• Given records:
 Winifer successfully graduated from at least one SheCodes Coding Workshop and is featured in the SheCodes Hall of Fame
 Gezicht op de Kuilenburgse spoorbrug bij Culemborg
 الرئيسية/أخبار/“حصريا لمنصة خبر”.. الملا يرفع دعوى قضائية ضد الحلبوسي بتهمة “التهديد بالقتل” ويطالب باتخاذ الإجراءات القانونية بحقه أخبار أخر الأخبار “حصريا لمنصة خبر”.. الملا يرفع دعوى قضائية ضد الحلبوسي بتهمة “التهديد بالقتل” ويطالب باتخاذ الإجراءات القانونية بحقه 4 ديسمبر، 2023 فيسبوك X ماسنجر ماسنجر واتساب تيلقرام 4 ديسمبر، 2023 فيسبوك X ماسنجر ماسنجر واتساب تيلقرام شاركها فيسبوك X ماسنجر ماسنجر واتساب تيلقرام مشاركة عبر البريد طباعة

* * *

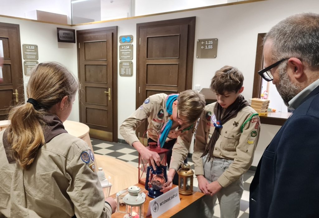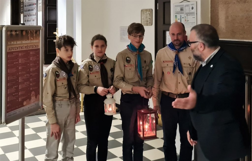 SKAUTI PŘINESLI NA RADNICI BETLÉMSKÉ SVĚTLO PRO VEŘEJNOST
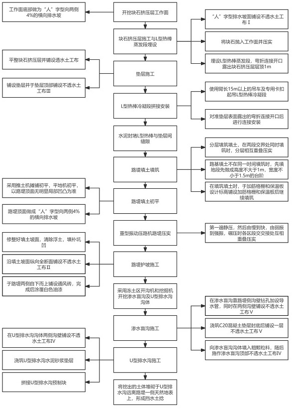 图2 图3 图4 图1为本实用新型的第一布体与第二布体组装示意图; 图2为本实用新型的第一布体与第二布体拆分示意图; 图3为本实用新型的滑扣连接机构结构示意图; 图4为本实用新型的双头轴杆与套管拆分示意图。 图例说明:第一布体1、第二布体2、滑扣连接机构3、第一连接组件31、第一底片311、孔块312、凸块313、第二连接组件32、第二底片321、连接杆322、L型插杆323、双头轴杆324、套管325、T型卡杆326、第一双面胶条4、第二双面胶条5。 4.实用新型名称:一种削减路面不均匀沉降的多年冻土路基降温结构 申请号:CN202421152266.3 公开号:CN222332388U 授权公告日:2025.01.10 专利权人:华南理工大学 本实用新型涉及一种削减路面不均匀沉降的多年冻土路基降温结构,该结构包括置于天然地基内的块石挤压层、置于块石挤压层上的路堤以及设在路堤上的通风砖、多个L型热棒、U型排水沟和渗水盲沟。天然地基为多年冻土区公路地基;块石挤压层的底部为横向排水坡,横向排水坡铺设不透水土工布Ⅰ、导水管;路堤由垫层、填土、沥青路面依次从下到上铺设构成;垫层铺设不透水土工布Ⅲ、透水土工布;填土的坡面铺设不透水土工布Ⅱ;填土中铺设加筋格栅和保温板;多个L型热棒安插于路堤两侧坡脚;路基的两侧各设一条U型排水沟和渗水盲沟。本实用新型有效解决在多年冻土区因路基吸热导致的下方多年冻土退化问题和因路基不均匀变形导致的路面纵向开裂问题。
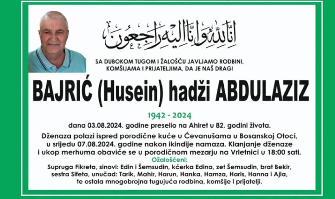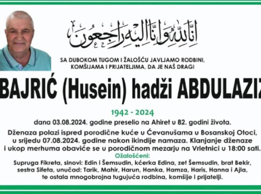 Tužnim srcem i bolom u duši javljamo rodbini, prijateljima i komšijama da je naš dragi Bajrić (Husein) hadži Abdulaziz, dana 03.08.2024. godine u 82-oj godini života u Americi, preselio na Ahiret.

---

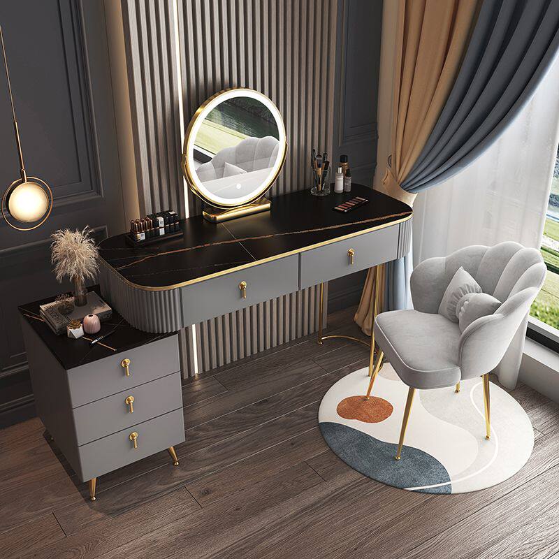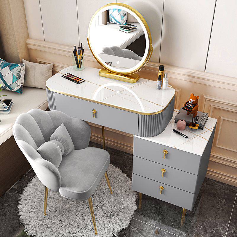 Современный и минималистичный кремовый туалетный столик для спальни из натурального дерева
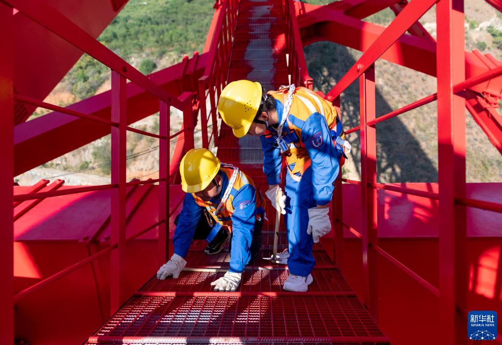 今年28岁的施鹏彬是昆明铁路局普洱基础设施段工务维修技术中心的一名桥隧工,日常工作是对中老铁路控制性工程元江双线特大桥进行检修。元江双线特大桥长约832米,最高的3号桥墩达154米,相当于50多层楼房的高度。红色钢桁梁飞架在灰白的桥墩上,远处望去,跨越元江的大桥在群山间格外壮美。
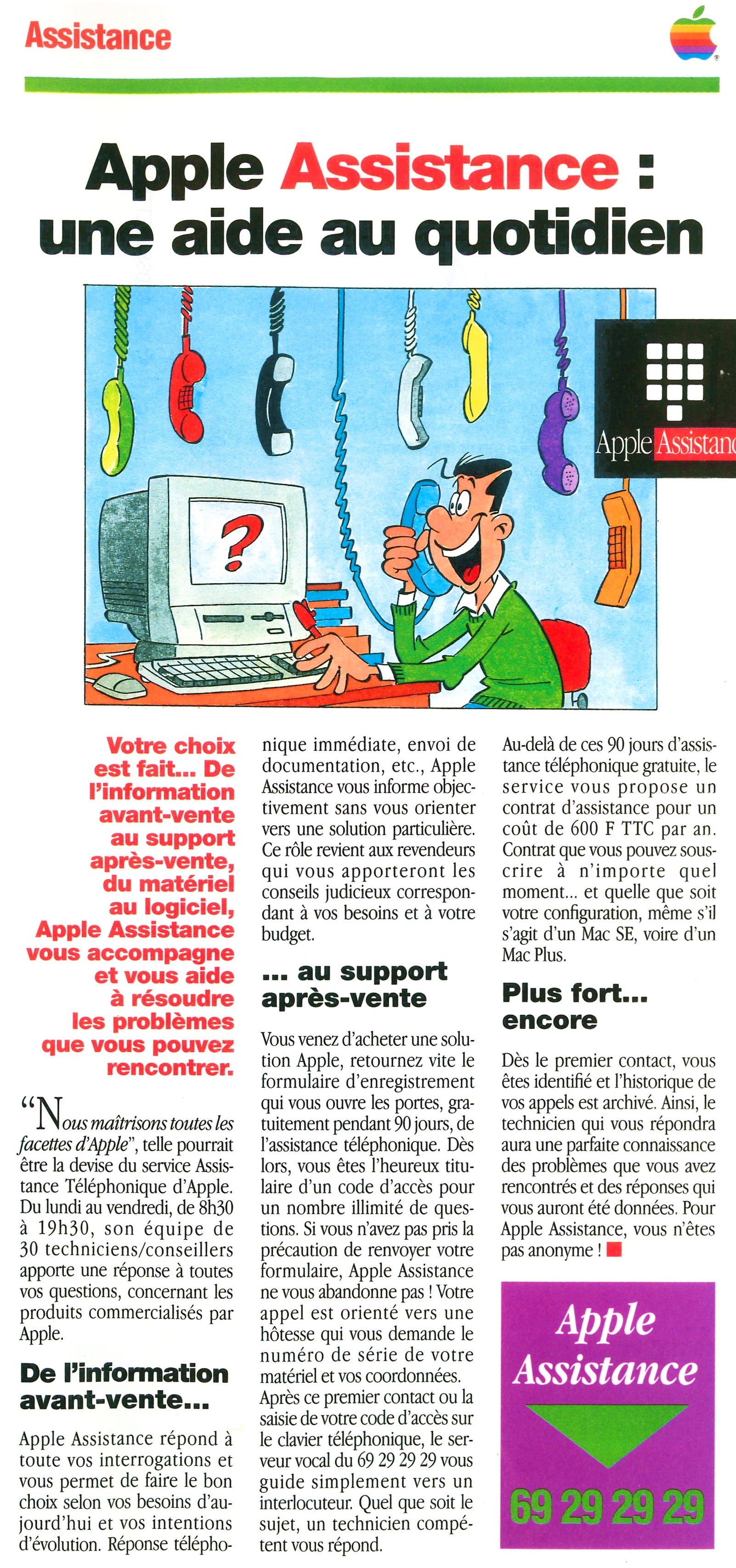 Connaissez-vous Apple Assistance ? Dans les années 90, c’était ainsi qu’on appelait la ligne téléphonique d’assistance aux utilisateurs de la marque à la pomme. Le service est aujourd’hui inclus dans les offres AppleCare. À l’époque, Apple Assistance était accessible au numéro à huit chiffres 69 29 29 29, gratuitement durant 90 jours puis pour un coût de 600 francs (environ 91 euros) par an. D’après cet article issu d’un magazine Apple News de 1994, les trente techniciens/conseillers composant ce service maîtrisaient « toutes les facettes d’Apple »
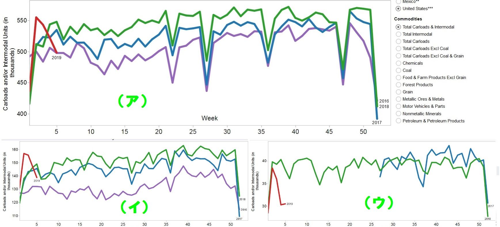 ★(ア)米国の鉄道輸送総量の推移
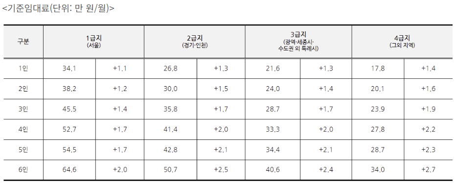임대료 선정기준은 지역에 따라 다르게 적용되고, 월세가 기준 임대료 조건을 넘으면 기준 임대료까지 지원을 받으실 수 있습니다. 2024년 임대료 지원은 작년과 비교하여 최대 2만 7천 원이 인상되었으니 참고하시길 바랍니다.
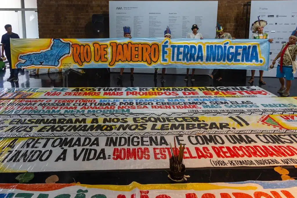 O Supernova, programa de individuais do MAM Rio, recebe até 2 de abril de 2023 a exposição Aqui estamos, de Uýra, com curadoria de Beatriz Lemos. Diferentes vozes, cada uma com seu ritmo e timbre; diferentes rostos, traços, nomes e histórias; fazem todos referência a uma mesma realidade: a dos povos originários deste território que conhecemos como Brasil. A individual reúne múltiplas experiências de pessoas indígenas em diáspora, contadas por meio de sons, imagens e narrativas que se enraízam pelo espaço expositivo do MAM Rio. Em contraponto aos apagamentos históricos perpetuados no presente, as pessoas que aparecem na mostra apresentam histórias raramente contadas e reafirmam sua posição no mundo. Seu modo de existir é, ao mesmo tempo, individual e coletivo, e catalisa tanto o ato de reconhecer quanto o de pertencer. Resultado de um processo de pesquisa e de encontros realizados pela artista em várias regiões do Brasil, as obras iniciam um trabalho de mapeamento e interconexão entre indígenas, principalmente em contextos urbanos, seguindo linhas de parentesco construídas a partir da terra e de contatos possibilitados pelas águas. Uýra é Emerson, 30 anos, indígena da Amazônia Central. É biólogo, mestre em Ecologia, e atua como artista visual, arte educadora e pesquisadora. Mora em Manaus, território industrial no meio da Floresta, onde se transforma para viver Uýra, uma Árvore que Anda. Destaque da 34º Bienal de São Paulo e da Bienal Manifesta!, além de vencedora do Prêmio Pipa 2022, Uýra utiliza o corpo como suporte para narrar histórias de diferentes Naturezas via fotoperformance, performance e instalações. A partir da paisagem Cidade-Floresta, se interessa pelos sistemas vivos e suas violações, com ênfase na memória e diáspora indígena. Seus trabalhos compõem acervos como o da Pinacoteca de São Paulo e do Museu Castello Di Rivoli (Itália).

• Task description: All lines above starting at the one with "Современный и минималистичный" and ending at the one with "임대료 선정기준은 지역에", inclusive, are to be printed again exactly, with the pictures left out.

• Exercise result:
 Современный и минималистичный кремовый туалетный столик для спальни из натурального дерева
 今年28岁的施鹏彬是昆明铁路局普洱基础设施段工务维修技术中心的一名桥隧工,日常工作是对中老铁路控制性工程元江双线特大桥进行检修。元江双线特大桥长约832米,最高的3号桥墩达154米,相当于50多层楼房的高度。红色钢桁梁飞架在灰白的桥墩上,远处望去,跨越元江的大桥在群山间格外壮美。
 Connaissez-vous Apple Assistance ? Dans les années 90, c’était ainsi qu’on appelait la ligne téléphonique d’assistance aux utilisateurs de la marque à la pomme. Le service est aujourd’hui inclus dans les offres AppleCare. À l’époque, Apple Assistance était accessible au numéro à huit chiffres 69 29 29 29, gratuitement durant 90 jours puis pour un coût de 600 francs (environ 91 euros) par an. D’après cet article issu d’un magazine Apple News de 1994, les trente techniciens/conseillers composant ce service maîtrisaient « toutes les facettes d’Apple »
 ★(ア)米国の鉄道輸送総量の推移
임대료 선정기준은 지역에 따라 다르게 적용되고, 월세가 기준 임대료 조건을 넘으면 기준 임대료까지 지원을 받으실 수 있습니다. 2024년 임대료 지원은 작년과 비교하여 최대 2만 7천 원이 인상되었으니 참고하시길 바랍니다.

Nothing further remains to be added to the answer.